What needs to be done:
What you return should be the exact lines from the one with "마지막으로 시트에 가해지는" to the end of the records below, both included, and no pictures.

Dataset extract:
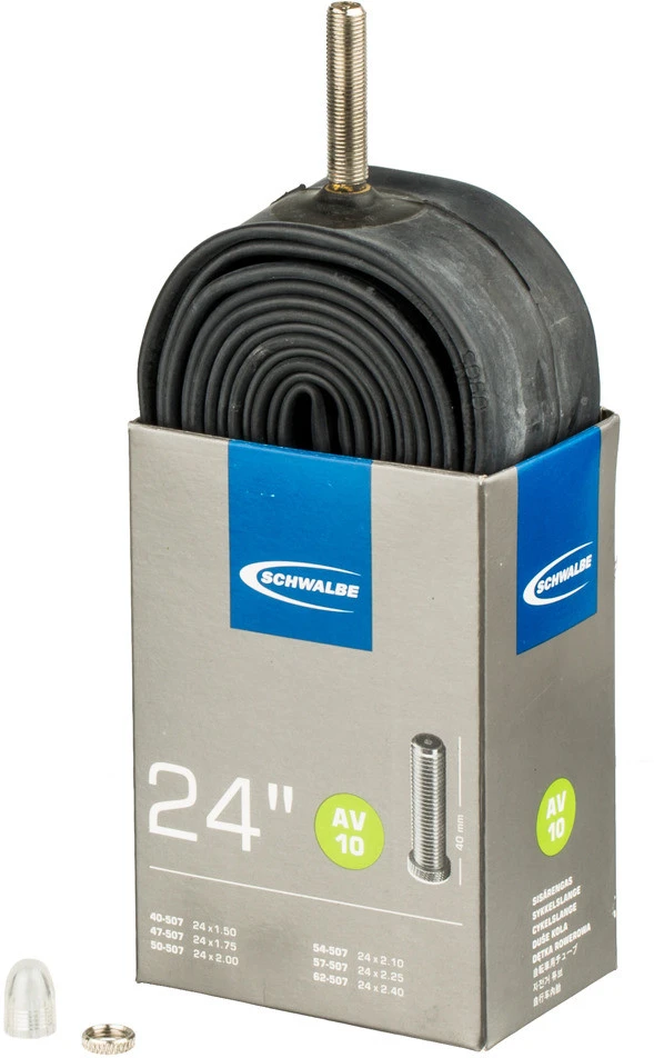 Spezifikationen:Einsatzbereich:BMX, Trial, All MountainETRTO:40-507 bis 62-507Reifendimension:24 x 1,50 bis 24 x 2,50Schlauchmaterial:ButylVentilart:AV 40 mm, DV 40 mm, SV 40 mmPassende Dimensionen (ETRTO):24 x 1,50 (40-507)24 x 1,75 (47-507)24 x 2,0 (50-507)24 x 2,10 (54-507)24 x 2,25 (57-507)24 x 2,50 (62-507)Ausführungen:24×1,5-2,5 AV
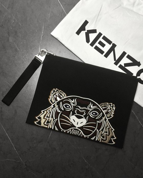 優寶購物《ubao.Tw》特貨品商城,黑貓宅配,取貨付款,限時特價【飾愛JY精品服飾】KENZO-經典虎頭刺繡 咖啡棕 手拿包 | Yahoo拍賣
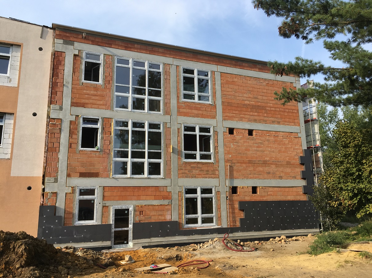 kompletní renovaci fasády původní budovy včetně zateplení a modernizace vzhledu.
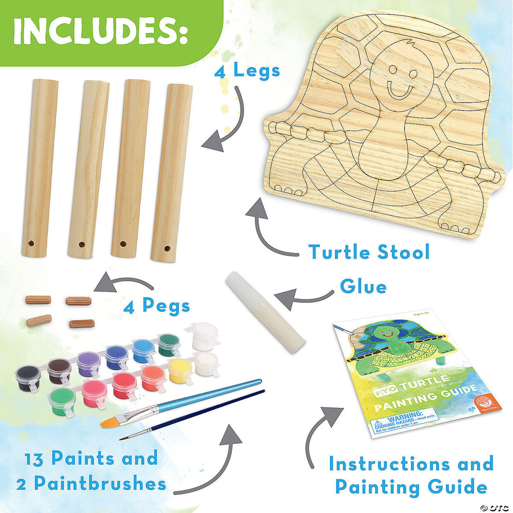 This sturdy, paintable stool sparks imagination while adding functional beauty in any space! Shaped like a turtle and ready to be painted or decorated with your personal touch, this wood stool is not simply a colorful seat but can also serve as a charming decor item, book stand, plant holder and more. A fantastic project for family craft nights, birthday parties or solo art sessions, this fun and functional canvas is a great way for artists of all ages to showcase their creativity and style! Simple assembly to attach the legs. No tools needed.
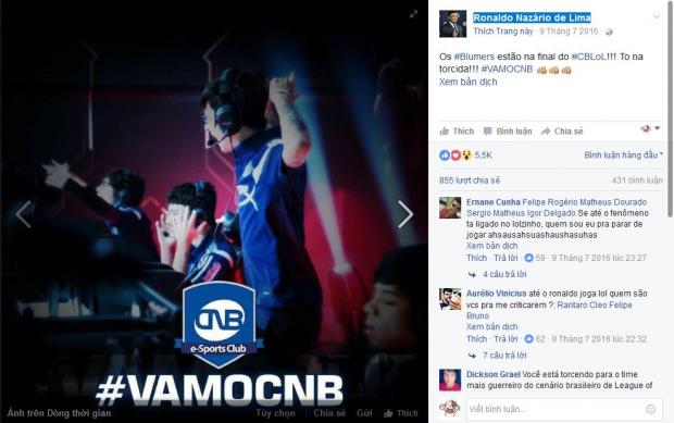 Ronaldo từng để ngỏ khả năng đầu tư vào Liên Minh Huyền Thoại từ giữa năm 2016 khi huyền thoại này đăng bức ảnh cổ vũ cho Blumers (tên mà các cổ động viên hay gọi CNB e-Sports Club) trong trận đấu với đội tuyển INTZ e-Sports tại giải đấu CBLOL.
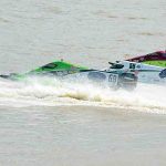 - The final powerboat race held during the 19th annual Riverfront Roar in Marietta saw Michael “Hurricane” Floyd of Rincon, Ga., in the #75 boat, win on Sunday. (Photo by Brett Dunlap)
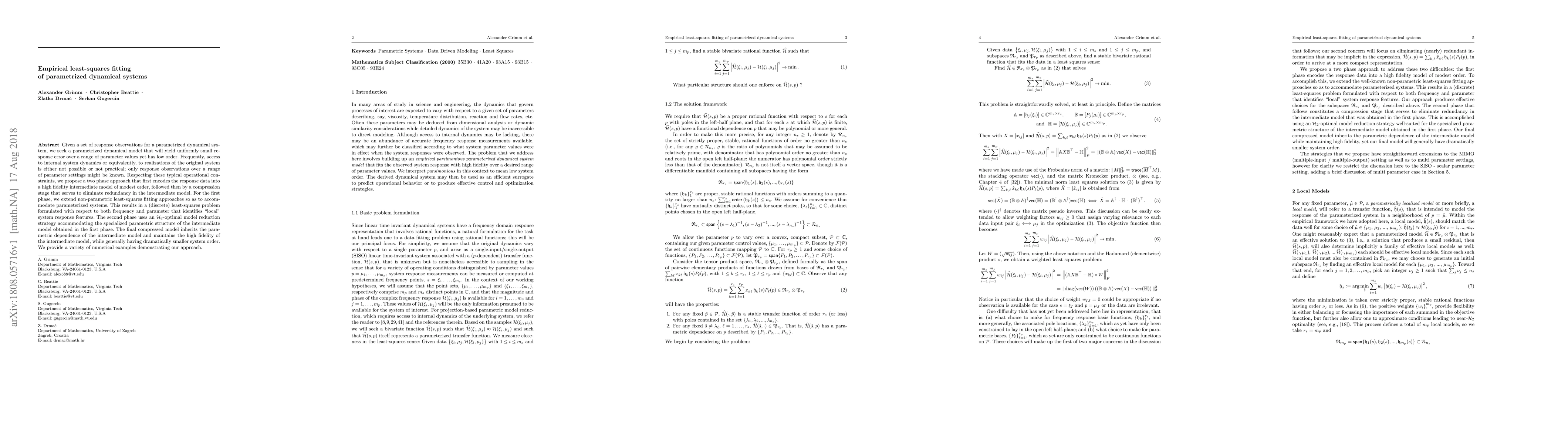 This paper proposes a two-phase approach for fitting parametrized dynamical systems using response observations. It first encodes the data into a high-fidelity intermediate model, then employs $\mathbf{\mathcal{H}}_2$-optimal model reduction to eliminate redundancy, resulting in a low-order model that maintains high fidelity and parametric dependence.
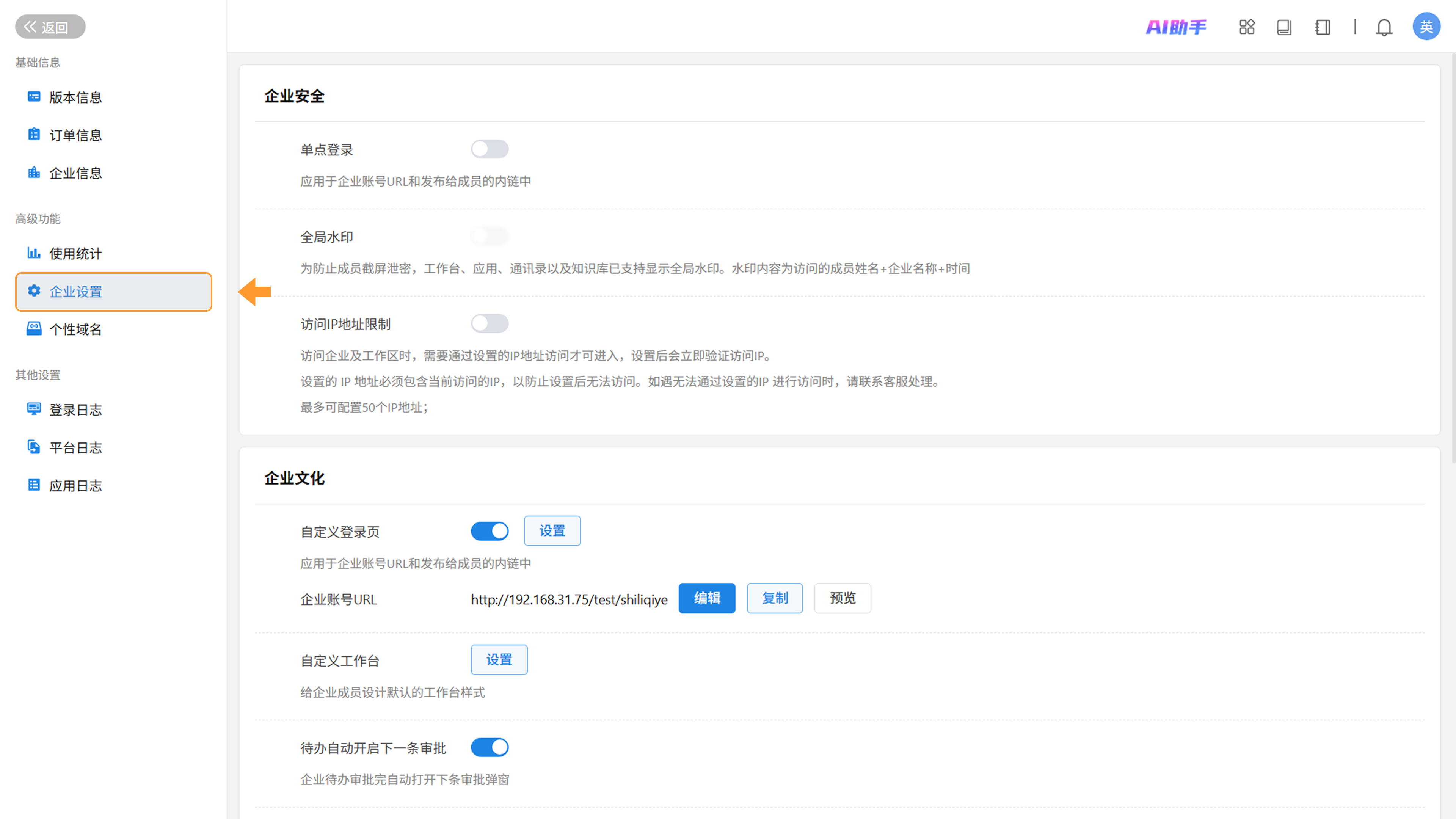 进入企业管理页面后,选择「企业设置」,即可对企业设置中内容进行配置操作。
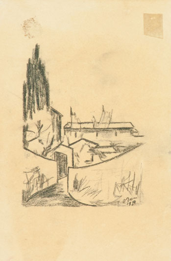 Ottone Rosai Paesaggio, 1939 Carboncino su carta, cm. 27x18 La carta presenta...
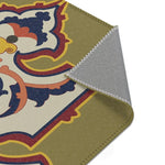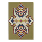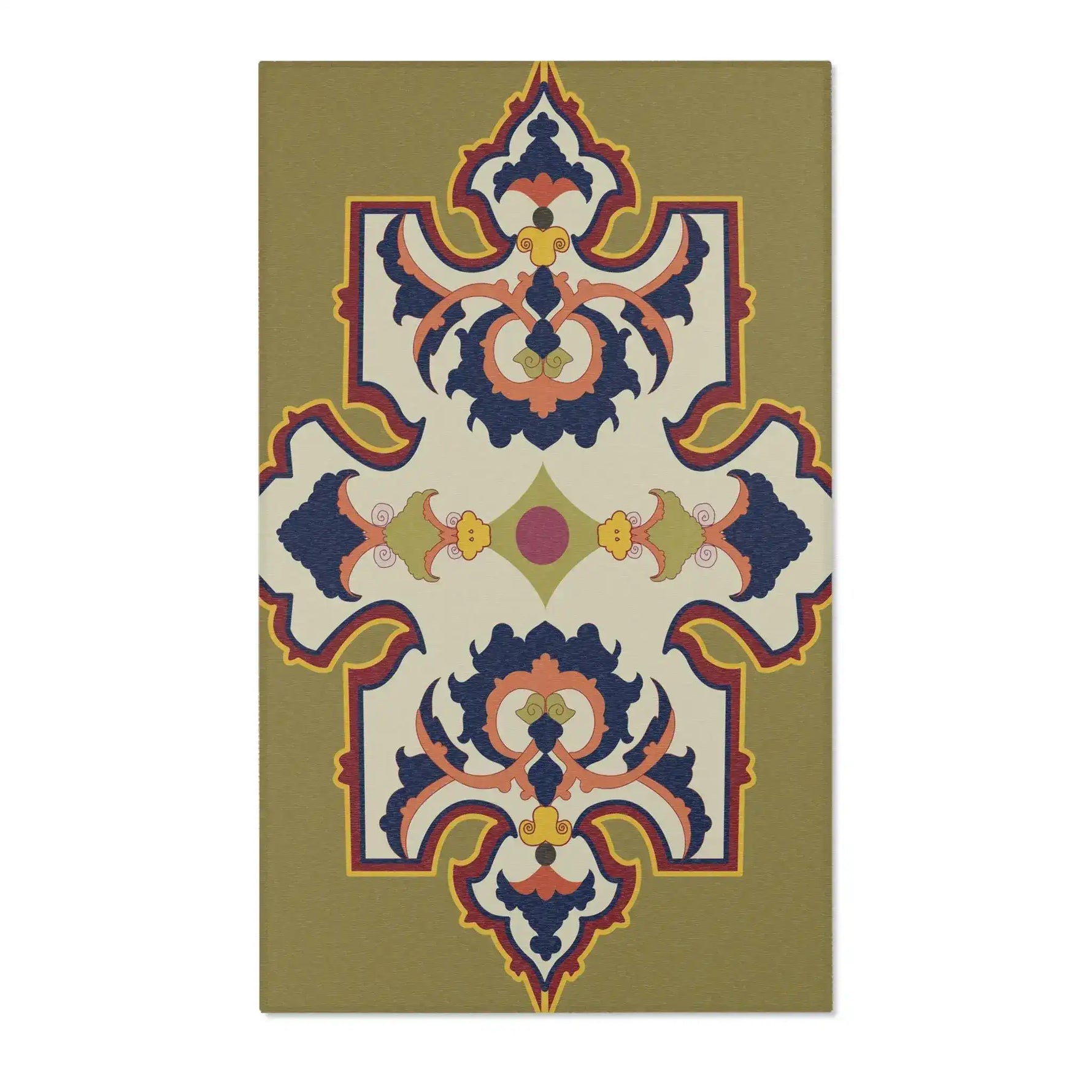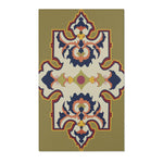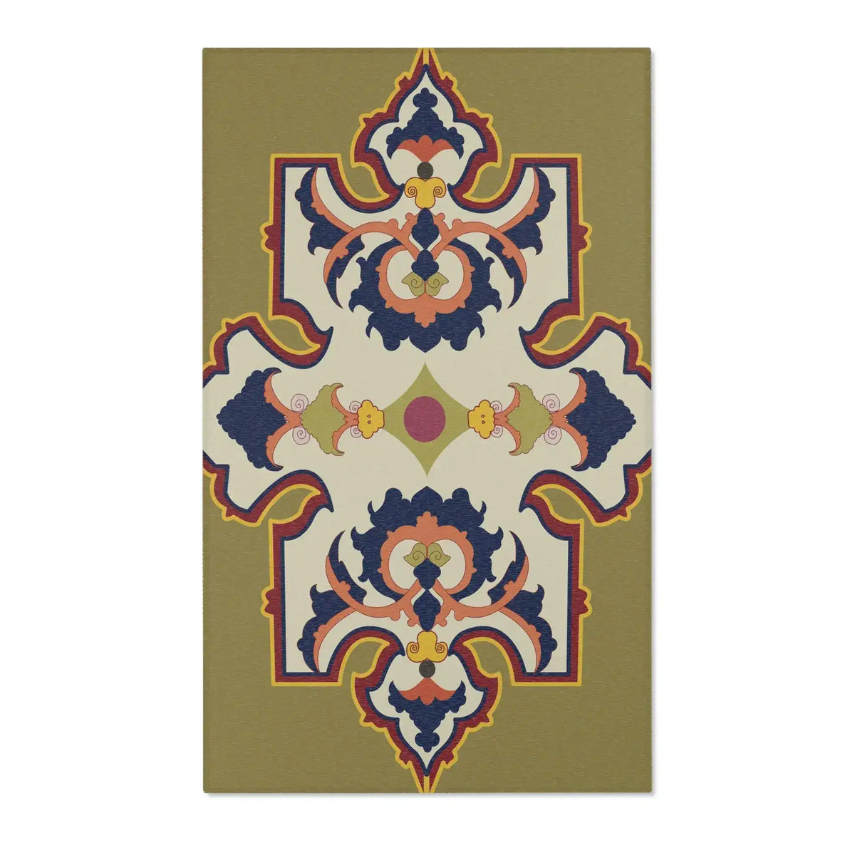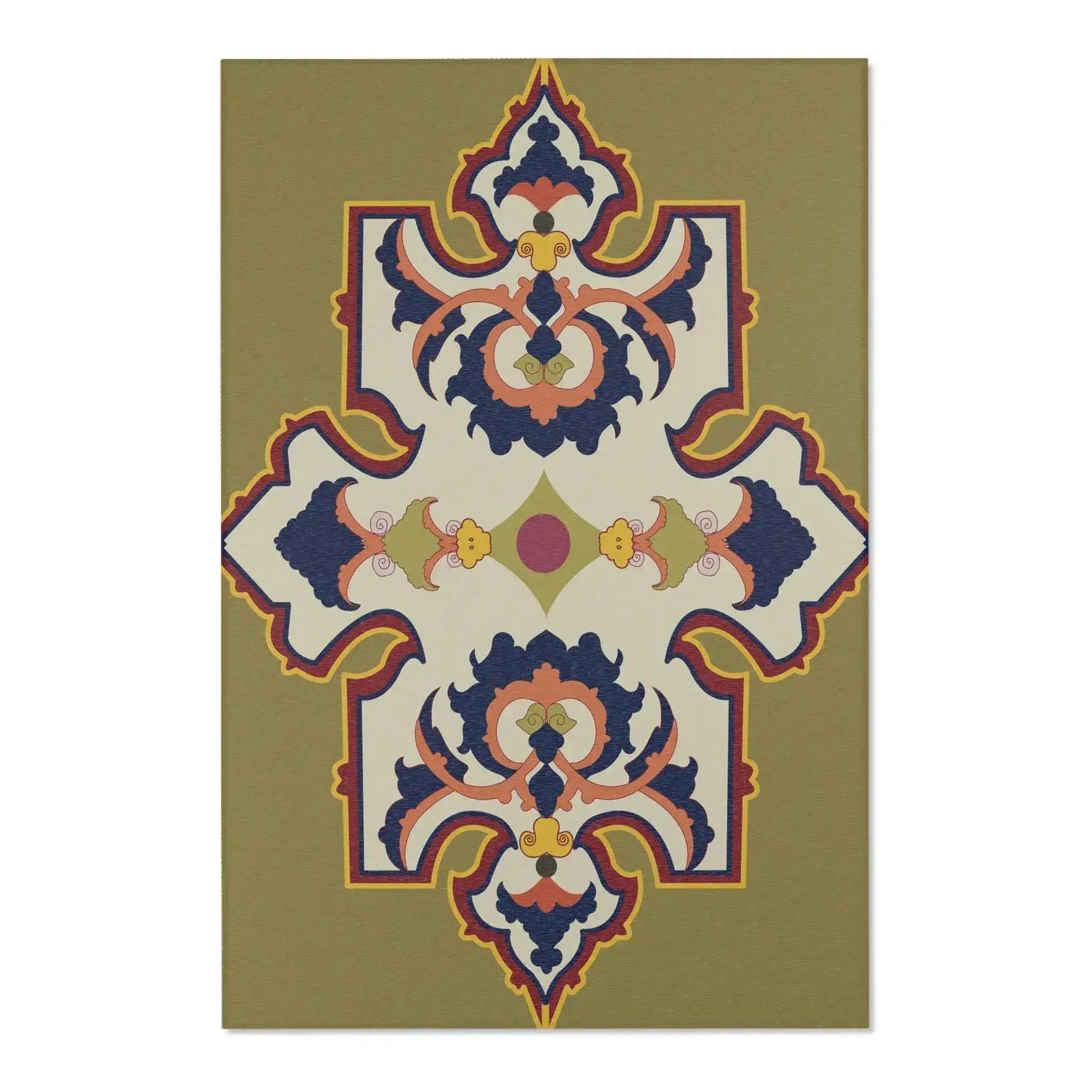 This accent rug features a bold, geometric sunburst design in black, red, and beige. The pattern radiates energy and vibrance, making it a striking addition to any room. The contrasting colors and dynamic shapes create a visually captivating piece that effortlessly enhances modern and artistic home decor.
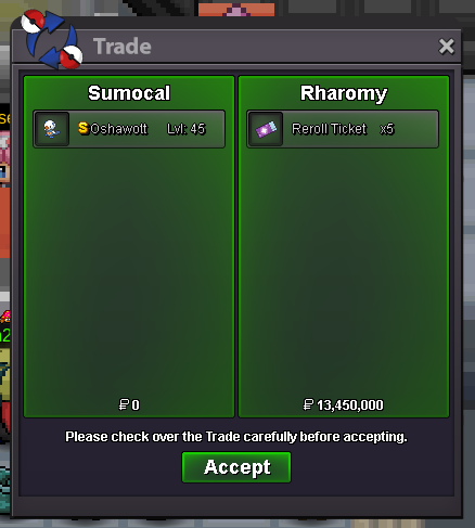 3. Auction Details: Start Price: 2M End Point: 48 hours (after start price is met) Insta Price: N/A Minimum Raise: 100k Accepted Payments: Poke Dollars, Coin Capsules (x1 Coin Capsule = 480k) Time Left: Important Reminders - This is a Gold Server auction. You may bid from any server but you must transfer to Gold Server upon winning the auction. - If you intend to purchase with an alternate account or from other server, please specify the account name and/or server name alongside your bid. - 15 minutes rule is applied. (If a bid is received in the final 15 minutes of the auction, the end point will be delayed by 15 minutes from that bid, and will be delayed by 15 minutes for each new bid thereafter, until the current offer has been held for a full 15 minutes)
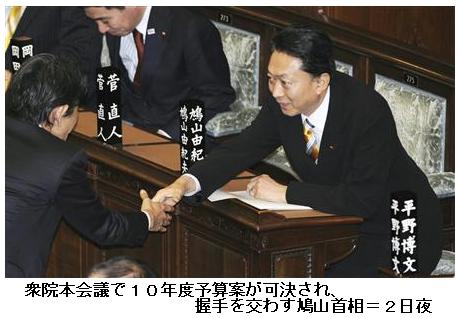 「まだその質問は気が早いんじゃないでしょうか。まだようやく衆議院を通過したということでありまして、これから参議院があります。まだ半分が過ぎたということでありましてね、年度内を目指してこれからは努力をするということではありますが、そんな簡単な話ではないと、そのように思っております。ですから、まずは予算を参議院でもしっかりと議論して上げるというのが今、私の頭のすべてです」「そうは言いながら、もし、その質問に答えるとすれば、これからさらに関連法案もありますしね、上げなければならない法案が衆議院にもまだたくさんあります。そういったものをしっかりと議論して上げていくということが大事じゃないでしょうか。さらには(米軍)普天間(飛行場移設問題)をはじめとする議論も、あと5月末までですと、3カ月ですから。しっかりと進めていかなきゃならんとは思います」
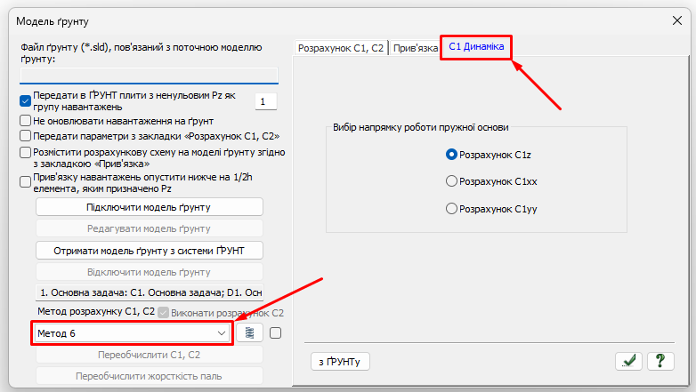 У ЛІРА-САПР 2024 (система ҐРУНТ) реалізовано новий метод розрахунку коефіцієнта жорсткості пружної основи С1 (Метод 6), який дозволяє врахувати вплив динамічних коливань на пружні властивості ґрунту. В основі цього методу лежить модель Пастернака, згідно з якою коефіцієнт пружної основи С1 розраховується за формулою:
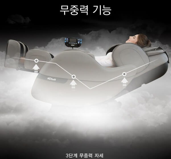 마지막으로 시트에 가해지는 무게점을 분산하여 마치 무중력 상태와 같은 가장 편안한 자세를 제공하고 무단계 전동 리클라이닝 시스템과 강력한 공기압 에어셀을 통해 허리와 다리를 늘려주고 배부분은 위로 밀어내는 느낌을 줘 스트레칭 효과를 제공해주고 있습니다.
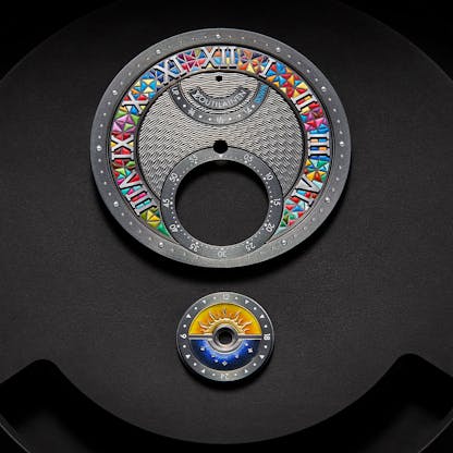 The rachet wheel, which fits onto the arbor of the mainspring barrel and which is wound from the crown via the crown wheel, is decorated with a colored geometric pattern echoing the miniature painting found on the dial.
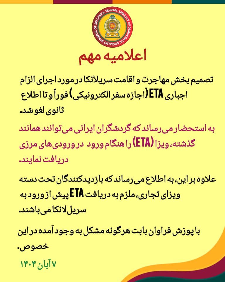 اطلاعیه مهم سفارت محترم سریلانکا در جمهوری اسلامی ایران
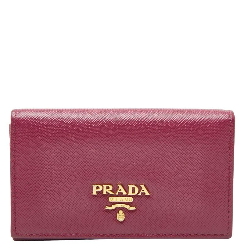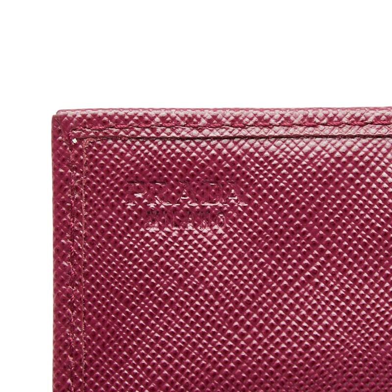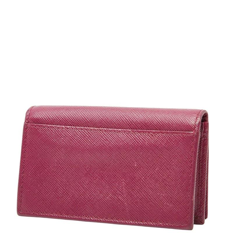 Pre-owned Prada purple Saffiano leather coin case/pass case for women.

Result for this task:
 마지막으로 시트에 가해지는 무게점을 분산하여 마치 무중력 상태와 같은 가장 편안한 자세를 제공하고 무단계 전동 리클라이닝 시스템과 강력한 공기압 에어셀을 통해 허리와 다리를 늘려주고 배부분은 위로 밀어내는 느낌을 줘 스트레칭 효과를 제공해주고 있습니다.
 The rachet wheel, which fits onto the arbor of the mainspring barrel and which is wound from the crown via the crown wheel, is decorated with a colored geometric pattern echoing the miniature painting found on the dial.
 اطلاعیه مهم سفارت محترم سریلانکا در جمهوری اسلامی ایران
 Pre-owned Prada purple Saffiano leather coin case/pass case for women.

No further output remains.